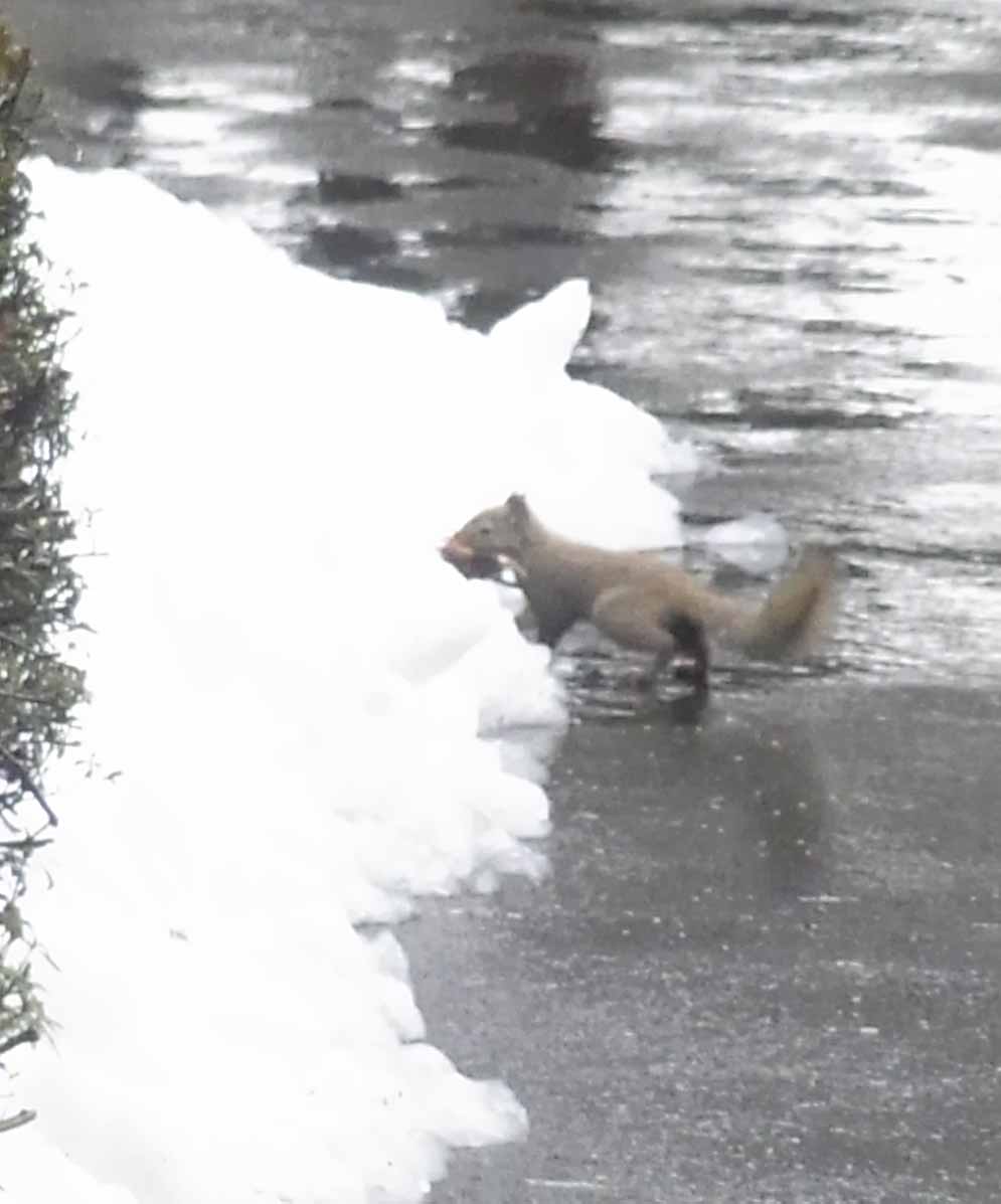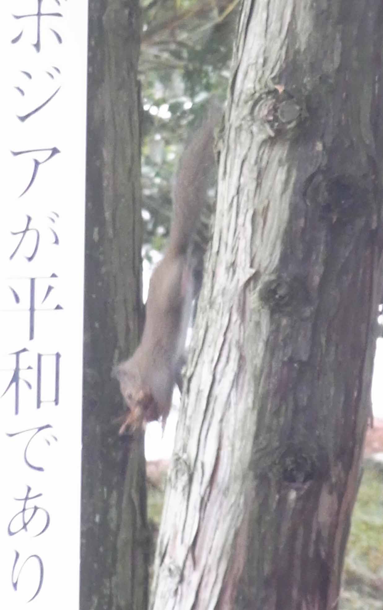 | 雪上から餌をくわえたまま、あっというまに木に登り、枝から枝へジャンプ、すばしっこく移動するリス。 トイレ棟前。 ケヤキ : 本館前 | ||
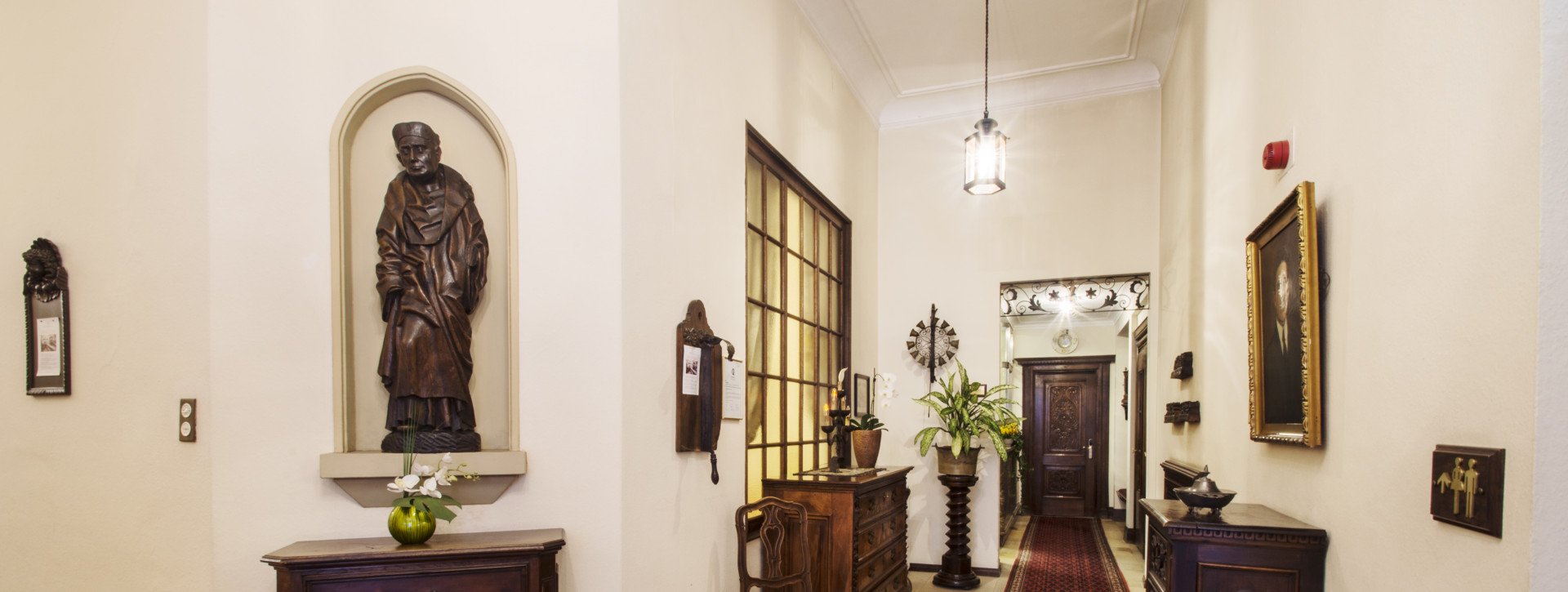Patron von Burgund und unter Anderem der Barkeeper; dies ist für diese Statue von ganz besonderer Bedeutung da sie nicht zufällig von Otto Schmid (Hotel-Direktor von 1932 bis 1953) und seinem Freund und Antiquar Josef „Peppino“ Willimann gegenüber der Lobby-Bar platziert wurde.
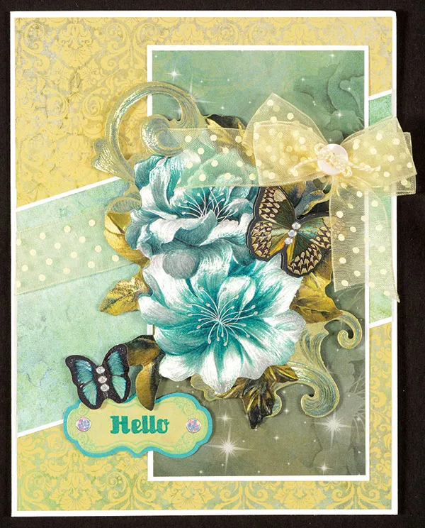Punch out the floral spray paper tole die cuts and assemble following the package directions, placing foam tape between the layers. Foam tape the design to the front as shown. Punch out an extra art butterfly and foam tape near the spray at the lower left.

::::

=== About this task ===
Omit the pictures, then copy out all the data exactly as it stands.

=== Final answer ===
 | 雪上から餌をくわえたまま、あっというまに木に登り、枝から枝へジャンプ、すばしっこく移動するリス。 トイレ棟前。 ケヤキ : 本館前 | ||
Patron von Burgund und unter Anderem der Barkeeper; dies ist für diese Statue von ganz besonderer Bedeutung da sie nicht zufällig von Otto Schmid (Hotel-Direktor von 1932 bis 1953) und seinem Freund und Antiquar Josef „Peppino“ Willimann gegenüber der Lobby-Bar platziert wurde.
Punch out the floral spray paper tole die cuts and assemble following the package directions, placing foam tape between the layers. Foam tape the design to the front as shown. Punch out an extra art butterfly and foam tape near the spray at the lower left.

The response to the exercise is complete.